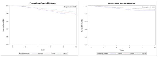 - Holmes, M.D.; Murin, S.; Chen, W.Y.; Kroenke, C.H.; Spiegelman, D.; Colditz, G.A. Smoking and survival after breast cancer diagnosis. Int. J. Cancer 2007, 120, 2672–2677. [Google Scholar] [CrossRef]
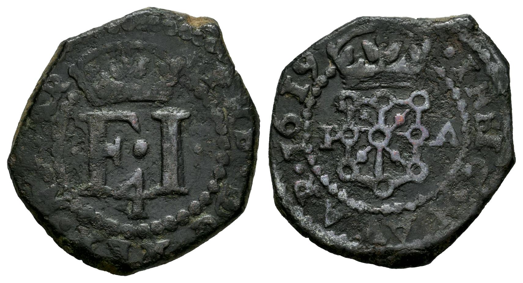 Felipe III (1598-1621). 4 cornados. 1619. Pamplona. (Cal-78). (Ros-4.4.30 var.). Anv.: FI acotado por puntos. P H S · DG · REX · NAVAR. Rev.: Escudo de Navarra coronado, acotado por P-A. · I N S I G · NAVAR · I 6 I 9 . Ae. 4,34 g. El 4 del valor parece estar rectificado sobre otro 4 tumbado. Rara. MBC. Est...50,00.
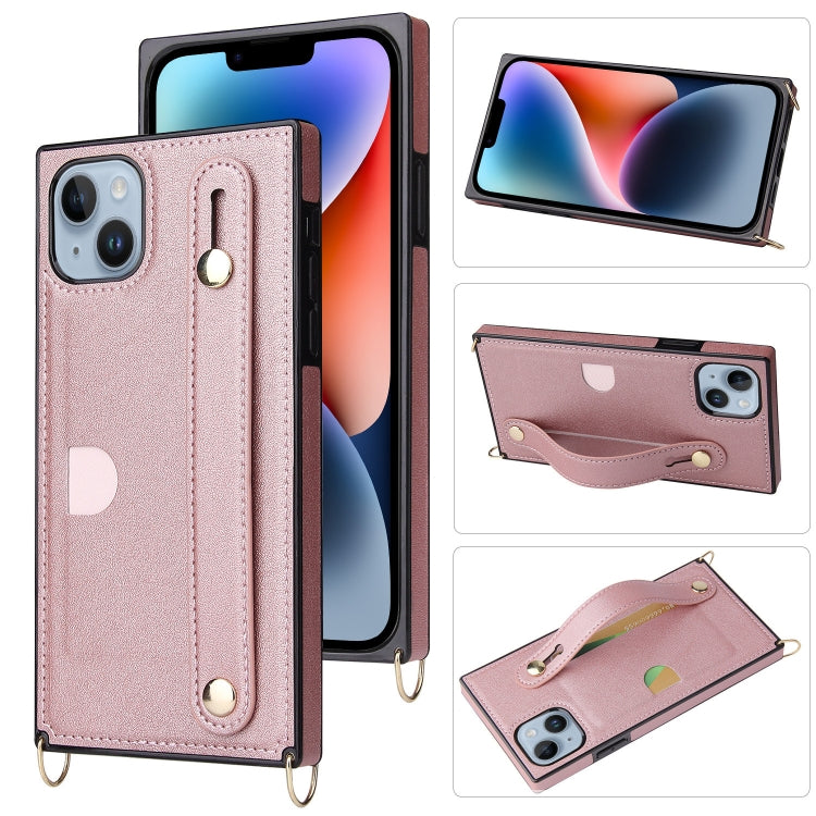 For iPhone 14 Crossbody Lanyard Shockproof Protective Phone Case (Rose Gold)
-=-=-
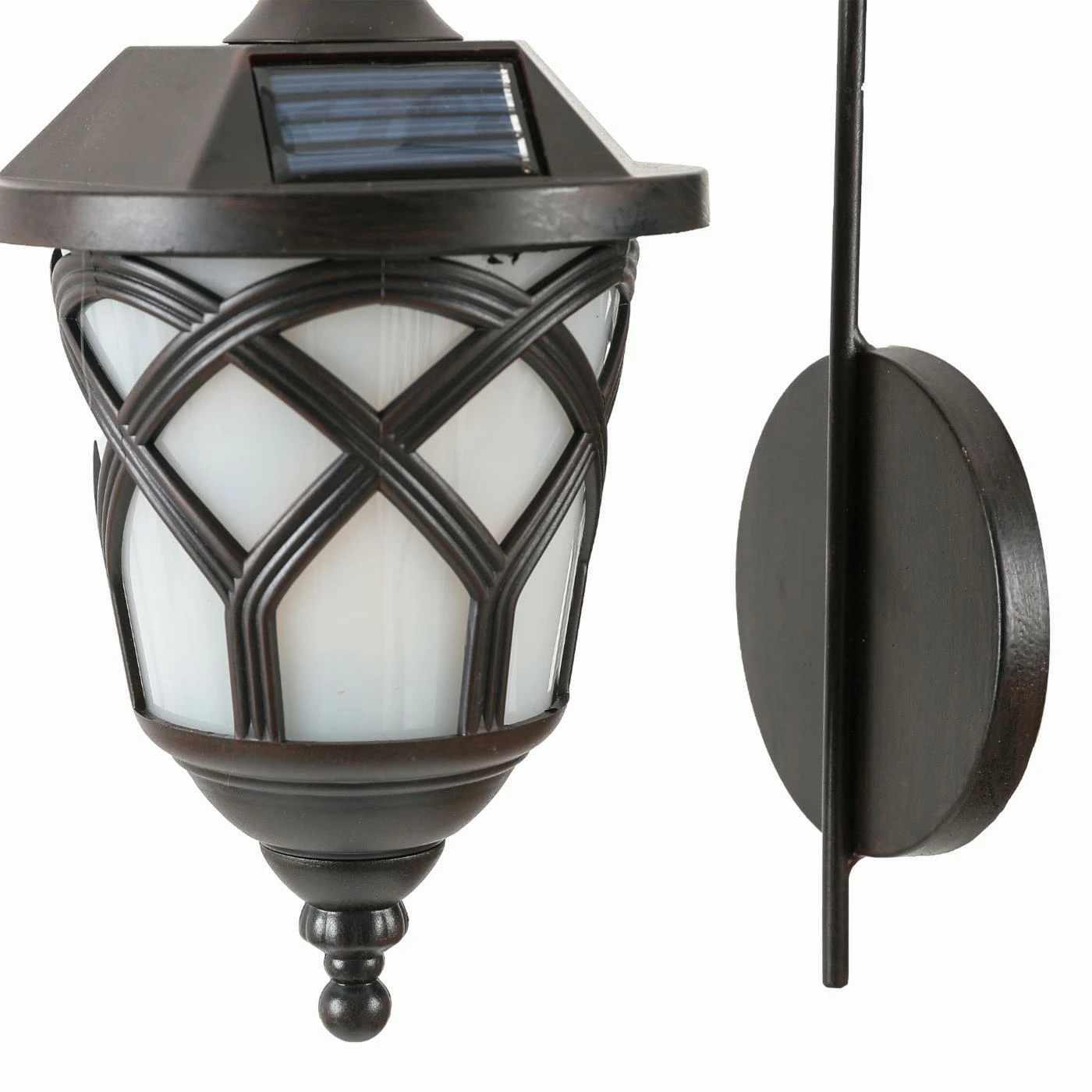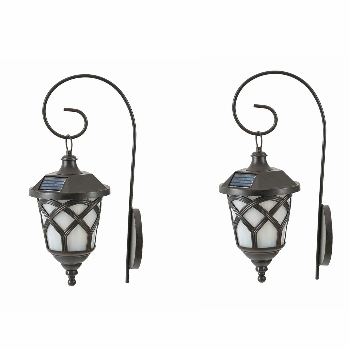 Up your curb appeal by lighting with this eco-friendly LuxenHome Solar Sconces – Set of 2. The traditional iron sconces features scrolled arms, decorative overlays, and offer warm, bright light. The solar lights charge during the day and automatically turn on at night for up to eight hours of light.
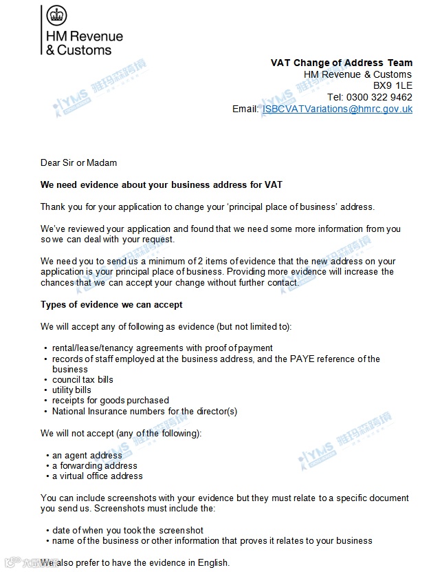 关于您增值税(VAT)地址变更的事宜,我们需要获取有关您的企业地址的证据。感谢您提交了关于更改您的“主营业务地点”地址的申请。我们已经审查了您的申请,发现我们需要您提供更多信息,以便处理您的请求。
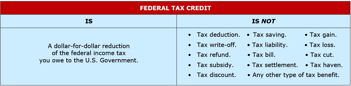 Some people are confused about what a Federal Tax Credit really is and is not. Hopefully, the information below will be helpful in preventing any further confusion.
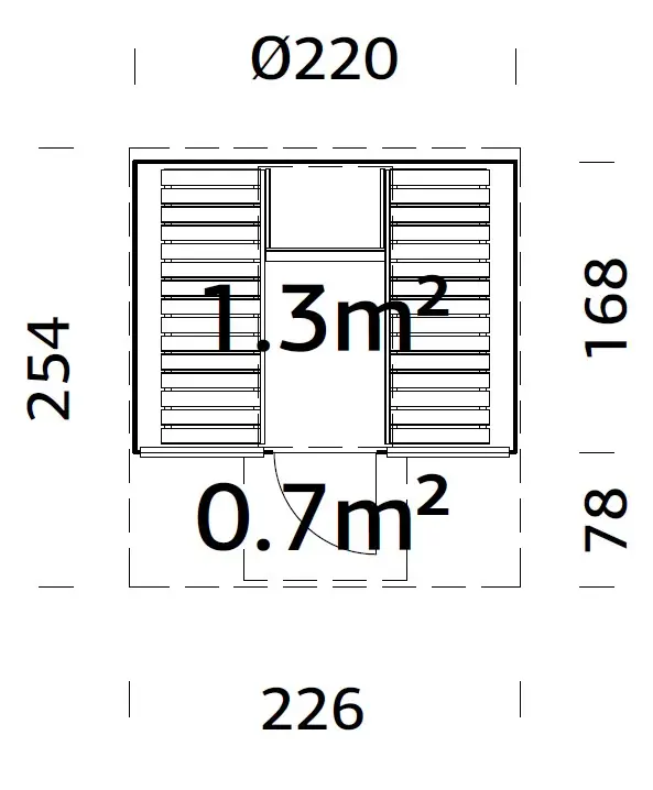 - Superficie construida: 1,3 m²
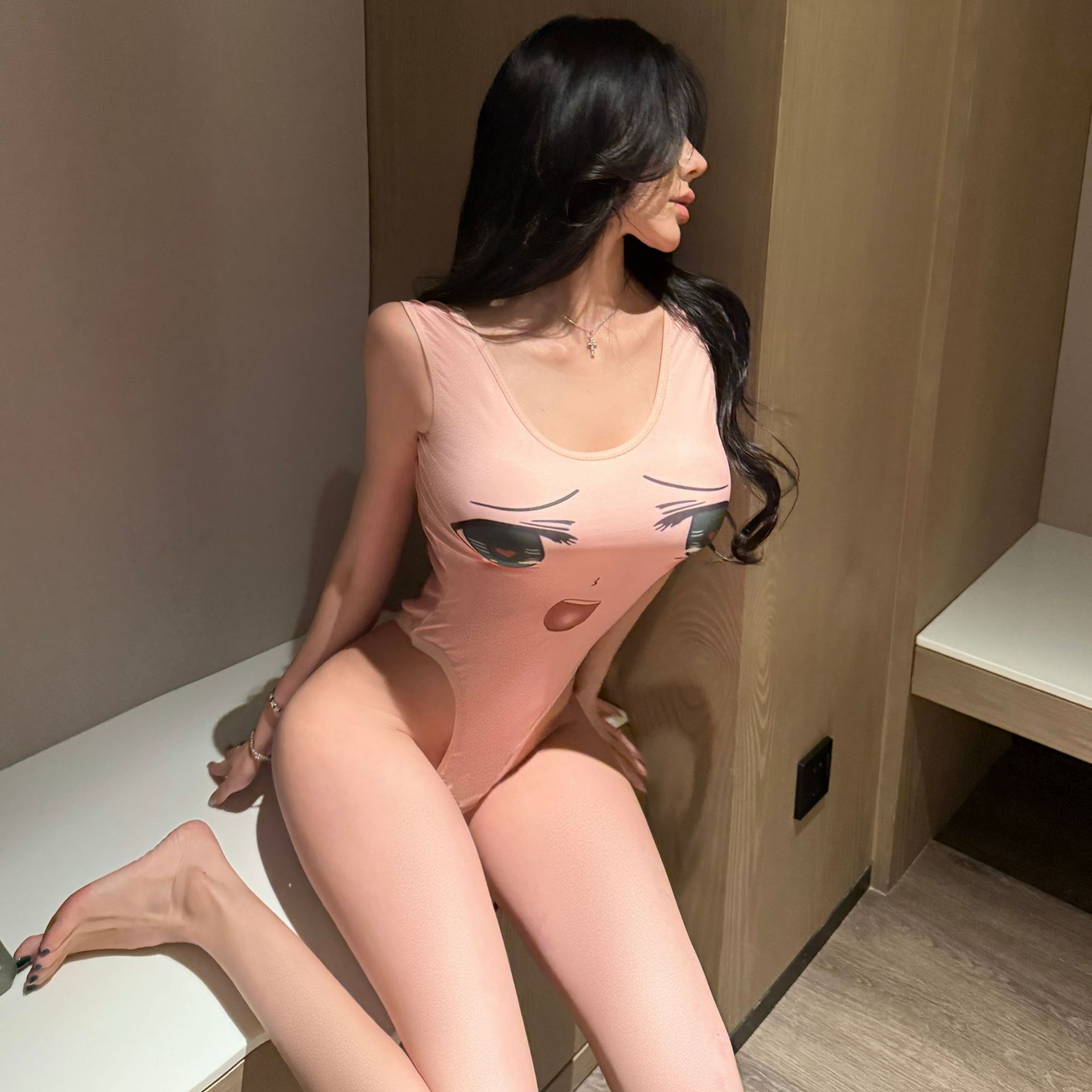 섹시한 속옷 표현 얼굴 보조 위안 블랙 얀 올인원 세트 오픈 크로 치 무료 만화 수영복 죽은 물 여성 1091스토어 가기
-=-=-
Write out the lines above from the one with "关于您增值税(VAT)地址变" through the one with "섹시한 속옷 표현 얼굴", ends included, exactly; no picture goes in.

EXERCISE ANSWER »
 关于您增值税(VAT)地址变更的事宜,我们需要获取有关您的企业地址的证据。感谢您提交了关于更改您的“主营业务地点”地址的申请。我们已经审查了您的申请,发现我们需要您提供更多信息,以便处理您的请求。
 Some people are confused about what a Federal Tax Credit really is and is not. Hopefully, the information below will be helpful in preventing any further confusion.
 - Superficie construida: 1,3 m²
 섹시한 속옷 표현 얼굴 보조 위안 블랙 얀 올인원 세트 오픈 크로 치 무료 만화 수영복 죽은 물 여성 1091스토어 가기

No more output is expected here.